8 Conseil d’État, 4ème et 5ème SSR, 21 janvier 2015, req. n° 362761 : « … constitue un procédé publicitaire prohibé au sens de cet article, la mise à disposition du public, par un praticien ou sans que celui-ci ne s’y soit opposé, d’une information qui ne se limite pas à un contenu objectif et qui vise à promouvoir auprès de patients éventuels l’activité au titre de laquelle ce praticien est inscrit au tableau de l’ordre des chirurgiens-dentistes en France ; que, dans l’hypothèse où, eu égard à son contenu, cette information n’est pas destinée à de telles personnes, la circonstance qu’elle leur soit librement accessible, notamment lorsqu’elle figure sur un site internet, n’est pas, par elle-même, de nature à lui conférer le caractère d’une publicité prohibée… les circonstances ainsi relevées par la chambre disciplinaire nationale et jugées par elle inopérantes étaient bien de celles dont M.B…pouvait utilement se prévaloir pour établir que l’information disponible sur le site litigieux n’était pas prohibée »
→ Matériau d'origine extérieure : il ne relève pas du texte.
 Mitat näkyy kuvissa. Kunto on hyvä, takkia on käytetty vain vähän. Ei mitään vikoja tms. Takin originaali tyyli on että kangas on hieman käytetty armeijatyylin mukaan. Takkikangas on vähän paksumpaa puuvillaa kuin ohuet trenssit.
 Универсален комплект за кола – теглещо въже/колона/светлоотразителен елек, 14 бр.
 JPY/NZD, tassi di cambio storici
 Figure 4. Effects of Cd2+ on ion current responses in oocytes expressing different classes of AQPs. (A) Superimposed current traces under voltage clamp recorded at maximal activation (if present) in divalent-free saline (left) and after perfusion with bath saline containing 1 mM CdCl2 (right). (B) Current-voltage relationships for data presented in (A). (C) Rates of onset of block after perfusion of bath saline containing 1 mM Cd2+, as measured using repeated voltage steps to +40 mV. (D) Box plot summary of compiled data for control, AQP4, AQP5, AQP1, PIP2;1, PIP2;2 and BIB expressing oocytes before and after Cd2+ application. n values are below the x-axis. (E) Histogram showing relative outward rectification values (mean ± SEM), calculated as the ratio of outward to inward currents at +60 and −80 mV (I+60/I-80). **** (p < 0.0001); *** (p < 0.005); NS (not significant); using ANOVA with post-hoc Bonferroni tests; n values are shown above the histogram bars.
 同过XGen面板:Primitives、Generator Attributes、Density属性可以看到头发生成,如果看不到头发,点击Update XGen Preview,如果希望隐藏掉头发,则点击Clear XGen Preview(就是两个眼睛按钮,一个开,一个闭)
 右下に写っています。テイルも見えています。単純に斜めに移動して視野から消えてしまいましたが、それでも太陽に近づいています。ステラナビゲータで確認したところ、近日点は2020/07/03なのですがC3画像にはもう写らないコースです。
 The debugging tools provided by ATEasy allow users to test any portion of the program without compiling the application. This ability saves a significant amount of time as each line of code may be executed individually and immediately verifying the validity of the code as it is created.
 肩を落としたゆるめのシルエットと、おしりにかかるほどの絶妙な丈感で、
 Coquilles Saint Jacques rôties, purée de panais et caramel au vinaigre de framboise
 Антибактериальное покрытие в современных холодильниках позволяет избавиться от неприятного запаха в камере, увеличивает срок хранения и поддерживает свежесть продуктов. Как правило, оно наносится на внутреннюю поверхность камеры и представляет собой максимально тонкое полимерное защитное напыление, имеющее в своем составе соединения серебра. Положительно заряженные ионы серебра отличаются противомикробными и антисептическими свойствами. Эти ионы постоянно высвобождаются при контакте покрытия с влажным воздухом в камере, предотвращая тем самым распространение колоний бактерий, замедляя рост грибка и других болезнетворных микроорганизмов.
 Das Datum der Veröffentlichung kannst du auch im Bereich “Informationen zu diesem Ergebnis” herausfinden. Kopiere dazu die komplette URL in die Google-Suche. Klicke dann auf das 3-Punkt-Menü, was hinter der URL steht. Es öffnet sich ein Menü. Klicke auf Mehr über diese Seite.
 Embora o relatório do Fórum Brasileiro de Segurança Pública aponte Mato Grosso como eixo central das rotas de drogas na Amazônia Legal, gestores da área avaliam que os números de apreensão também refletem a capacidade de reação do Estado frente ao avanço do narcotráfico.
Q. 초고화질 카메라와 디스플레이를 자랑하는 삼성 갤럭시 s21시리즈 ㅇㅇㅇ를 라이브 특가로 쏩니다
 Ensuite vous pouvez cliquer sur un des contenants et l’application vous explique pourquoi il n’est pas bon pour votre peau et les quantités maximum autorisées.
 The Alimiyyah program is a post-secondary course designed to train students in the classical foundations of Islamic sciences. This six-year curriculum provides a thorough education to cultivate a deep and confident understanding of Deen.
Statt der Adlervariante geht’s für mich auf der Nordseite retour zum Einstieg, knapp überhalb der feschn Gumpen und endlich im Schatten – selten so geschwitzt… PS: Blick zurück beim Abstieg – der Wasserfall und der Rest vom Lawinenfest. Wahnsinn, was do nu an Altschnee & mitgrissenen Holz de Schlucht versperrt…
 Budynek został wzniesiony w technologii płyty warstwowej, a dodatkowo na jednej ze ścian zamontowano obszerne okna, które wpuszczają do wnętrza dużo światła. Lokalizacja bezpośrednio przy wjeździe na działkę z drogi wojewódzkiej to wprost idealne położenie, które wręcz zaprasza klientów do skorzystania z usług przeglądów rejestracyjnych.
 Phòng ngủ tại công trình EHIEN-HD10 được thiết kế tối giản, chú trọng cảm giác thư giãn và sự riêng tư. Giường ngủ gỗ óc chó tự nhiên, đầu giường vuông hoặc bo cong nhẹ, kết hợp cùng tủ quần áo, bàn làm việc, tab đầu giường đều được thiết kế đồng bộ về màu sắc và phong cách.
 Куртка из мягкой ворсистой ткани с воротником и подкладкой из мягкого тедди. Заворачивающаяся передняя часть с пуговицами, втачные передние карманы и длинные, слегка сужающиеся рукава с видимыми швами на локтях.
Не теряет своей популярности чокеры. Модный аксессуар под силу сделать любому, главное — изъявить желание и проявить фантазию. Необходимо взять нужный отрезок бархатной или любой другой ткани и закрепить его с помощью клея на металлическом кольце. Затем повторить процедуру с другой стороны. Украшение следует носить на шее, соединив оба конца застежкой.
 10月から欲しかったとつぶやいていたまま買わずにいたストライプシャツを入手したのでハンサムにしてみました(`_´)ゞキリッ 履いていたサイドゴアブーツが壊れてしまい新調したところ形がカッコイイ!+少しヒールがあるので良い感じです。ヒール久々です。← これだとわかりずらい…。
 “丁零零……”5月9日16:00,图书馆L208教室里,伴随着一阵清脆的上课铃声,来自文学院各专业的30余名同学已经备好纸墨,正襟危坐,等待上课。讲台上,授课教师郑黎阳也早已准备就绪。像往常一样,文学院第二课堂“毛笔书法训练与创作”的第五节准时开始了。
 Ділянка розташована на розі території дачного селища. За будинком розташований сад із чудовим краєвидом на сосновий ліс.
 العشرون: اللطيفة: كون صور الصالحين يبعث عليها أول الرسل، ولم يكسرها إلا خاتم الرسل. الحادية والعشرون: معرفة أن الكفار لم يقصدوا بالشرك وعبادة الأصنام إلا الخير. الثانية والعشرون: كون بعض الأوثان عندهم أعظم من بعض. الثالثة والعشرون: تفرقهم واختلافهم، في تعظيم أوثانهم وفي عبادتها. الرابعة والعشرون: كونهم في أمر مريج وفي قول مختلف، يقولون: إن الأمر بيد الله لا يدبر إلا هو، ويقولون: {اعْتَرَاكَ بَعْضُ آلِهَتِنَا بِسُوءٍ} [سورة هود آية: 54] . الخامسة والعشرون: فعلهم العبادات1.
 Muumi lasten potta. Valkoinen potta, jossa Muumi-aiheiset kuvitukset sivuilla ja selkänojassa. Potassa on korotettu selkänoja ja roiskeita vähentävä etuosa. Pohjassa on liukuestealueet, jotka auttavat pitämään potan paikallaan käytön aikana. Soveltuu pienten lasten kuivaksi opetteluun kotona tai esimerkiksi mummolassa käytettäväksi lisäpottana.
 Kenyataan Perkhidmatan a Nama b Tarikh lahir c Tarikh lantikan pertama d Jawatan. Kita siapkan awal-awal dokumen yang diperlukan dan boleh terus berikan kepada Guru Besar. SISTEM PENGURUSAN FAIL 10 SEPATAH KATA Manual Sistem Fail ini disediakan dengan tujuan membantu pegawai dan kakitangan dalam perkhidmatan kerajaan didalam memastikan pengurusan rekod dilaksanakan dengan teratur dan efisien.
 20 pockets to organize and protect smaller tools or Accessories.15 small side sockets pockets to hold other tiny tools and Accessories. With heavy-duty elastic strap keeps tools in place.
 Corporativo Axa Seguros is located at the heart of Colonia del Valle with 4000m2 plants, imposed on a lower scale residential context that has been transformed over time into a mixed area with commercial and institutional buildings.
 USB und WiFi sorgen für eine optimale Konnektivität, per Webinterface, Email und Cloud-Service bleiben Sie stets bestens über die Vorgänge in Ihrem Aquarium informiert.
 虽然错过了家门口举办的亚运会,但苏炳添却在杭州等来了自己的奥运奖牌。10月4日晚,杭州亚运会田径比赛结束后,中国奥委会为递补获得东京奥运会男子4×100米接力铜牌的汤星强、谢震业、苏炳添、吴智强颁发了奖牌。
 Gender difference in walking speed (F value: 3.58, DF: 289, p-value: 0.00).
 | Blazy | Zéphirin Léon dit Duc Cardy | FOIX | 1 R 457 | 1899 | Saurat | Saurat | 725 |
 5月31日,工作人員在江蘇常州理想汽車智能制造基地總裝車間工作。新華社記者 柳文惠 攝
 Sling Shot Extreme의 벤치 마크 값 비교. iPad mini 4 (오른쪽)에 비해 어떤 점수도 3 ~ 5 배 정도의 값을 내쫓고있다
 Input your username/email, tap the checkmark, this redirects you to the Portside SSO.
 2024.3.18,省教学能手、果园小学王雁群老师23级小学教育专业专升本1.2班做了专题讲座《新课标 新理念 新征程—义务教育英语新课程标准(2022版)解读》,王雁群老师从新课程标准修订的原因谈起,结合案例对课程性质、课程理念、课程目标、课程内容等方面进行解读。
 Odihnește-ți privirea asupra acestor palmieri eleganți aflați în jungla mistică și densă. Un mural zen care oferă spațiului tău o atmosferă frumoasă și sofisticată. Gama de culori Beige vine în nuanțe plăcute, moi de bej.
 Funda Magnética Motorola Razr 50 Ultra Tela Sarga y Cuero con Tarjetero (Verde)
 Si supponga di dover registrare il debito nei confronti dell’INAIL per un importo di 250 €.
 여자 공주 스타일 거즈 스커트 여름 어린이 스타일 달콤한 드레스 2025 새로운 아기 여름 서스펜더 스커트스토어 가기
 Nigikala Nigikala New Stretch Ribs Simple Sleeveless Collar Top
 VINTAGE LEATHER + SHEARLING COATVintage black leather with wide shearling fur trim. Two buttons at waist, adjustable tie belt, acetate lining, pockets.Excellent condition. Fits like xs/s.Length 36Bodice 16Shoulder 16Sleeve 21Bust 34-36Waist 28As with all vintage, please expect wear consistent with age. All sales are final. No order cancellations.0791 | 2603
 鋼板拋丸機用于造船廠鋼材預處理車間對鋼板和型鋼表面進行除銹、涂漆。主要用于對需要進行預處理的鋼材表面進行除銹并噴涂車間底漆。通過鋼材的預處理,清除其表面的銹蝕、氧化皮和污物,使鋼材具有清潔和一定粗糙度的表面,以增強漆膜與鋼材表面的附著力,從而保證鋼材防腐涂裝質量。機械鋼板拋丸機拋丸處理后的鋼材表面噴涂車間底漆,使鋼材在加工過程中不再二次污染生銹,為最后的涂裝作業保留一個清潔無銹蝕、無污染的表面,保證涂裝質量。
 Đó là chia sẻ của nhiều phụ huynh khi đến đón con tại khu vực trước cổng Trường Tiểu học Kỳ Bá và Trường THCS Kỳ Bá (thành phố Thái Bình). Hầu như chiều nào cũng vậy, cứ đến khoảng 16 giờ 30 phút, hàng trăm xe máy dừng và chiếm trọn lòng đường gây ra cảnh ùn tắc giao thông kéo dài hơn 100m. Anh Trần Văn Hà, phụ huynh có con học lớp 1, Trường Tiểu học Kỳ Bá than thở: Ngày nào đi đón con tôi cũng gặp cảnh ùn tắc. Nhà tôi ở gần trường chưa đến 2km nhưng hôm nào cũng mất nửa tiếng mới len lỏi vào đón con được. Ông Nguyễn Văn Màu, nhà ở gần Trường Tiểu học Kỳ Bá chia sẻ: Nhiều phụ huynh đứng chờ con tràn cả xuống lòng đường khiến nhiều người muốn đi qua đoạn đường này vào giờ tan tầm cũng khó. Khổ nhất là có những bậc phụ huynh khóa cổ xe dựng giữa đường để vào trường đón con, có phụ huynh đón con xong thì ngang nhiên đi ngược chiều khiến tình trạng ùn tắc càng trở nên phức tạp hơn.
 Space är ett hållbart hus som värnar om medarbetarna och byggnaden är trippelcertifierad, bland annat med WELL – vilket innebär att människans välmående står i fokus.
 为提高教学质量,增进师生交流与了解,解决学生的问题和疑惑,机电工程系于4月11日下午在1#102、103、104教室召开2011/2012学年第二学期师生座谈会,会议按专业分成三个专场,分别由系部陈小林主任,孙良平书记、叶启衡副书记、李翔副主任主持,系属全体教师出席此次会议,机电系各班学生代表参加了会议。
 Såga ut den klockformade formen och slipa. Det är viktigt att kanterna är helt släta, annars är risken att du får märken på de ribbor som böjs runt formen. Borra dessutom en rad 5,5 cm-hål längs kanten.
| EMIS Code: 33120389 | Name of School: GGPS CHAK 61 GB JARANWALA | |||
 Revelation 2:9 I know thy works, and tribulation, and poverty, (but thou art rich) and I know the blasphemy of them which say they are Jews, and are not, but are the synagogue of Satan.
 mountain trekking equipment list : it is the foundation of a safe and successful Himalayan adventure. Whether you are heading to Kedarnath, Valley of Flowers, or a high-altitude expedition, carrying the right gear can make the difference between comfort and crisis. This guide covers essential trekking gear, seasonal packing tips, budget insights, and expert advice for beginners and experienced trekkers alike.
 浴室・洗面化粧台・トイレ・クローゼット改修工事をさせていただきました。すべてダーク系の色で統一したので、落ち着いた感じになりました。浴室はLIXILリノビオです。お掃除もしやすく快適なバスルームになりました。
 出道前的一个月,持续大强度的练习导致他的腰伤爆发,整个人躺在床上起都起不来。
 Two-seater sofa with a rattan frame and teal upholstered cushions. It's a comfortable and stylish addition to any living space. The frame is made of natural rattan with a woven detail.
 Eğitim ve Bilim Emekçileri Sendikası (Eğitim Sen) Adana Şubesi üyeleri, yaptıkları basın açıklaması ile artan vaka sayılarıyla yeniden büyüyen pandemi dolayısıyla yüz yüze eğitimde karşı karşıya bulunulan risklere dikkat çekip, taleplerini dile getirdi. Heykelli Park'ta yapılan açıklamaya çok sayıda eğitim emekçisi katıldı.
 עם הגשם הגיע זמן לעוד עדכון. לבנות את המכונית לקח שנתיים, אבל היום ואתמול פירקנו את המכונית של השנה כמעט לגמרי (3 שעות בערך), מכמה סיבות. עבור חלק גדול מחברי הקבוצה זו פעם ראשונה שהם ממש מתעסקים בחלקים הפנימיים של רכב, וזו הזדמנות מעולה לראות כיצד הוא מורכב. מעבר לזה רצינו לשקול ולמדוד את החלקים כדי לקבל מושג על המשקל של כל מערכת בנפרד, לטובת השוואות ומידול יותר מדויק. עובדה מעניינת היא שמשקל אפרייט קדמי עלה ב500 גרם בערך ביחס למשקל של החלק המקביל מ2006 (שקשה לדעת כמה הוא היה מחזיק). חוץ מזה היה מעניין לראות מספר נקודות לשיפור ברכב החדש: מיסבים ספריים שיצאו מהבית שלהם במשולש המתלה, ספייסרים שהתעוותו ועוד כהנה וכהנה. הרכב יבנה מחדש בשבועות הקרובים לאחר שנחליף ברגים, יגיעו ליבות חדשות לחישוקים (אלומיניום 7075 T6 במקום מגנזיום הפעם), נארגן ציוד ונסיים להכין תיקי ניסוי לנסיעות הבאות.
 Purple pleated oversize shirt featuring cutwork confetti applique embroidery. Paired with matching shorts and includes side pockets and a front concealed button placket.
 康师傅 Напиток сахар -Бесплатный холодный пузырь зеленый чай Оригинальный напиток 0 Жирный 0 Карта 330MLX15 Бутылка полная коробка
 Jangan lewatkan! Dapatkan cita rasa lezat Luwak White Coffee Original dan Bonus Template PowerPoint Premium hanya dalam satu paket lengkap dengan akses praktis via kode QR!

9 Ordonnance n° 2018-17 du 12 janvier 2018 ratifiée par l’article 77, IX – 23° de la loi n° 2019-774 du 24 juillet 2019.

10 C.E., 4ème et 1ère chambre réunies, 6 novembre 2019, req. N° 416948.

11 Rappelons que la Cour de justice de l’Union européenne a estimé « qu’une interdiction générale et absolue de toute publicité dépasse ce qui est nécessaire pour réaliser les objectifs poursuivis. Ces derniers pourraient être atteints au moyen de mesures moins restrictives encadrant, le cas échéant de manière étroite, les formes et les modalités que peuvent valablement revêtir les outils de communication utilisés par les dentistes », CJUE précitée.